Answer: neither Linux nor Windows will treat NFC(X) and NFD(X) as the
same file. And we won't renormalize the _contents_ of file Y, so
renormalizing the filename _introduces_ a mismatch. So.. it breaks. And
breaks here means "mysteriously stops compiling", "mysteriously gives
404s", "mysteriously crashes our mission-critical infrastructure".

Compare that with "user gets extremely annoyed by filenames he can read
and click on but can't type".[2]

This is another manifestation of the makefile problem: filenames
referred to inside other files MUST agree with what TOOLS see on the
filesystem for the tools to work.

Fundamentally, we can't force a Mac user to make Y reference NFC(X)
rather than NFD(X). Nor can we even detect it! So we can't prevent them
from making a non-portable commit.
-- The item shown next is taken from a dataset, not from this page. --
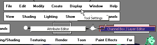 步骤8:进入Attributes Editor(属性编辑器),按下键盘的空格键,通道框菜单将出现在空白处。右键点击选择Attributes(属性),然后再点击Channel Box/Layer Editor(通道框/层编辑器)。

I'm afraid the best we can do is warn
Mac users that they're adding NFD files.

However, in the current scheme, a non-Mac user can always rename NFD(X)
to NFC(X) and fixup Y without introducing a commit that doesn't build.

Yes, NFD is a massively stupid annoyance to users. But your
renormalizing technique will break more than it fixes for any project
that contains non-ASCII inter-file references. And because we're an SCM
(and not a CMS), that's what we care about.

[1] assuming we get a UTF-8 mode working on Windows
[2] which is actually a generic Unicode problem, because in addition to
NFD, Unicode has tons of homoglyphs. duplicate characters, and the vast
majority of characters aren't even typable on any given keyboard.
-- 
Mathematics is the supreme nostalgia of our time.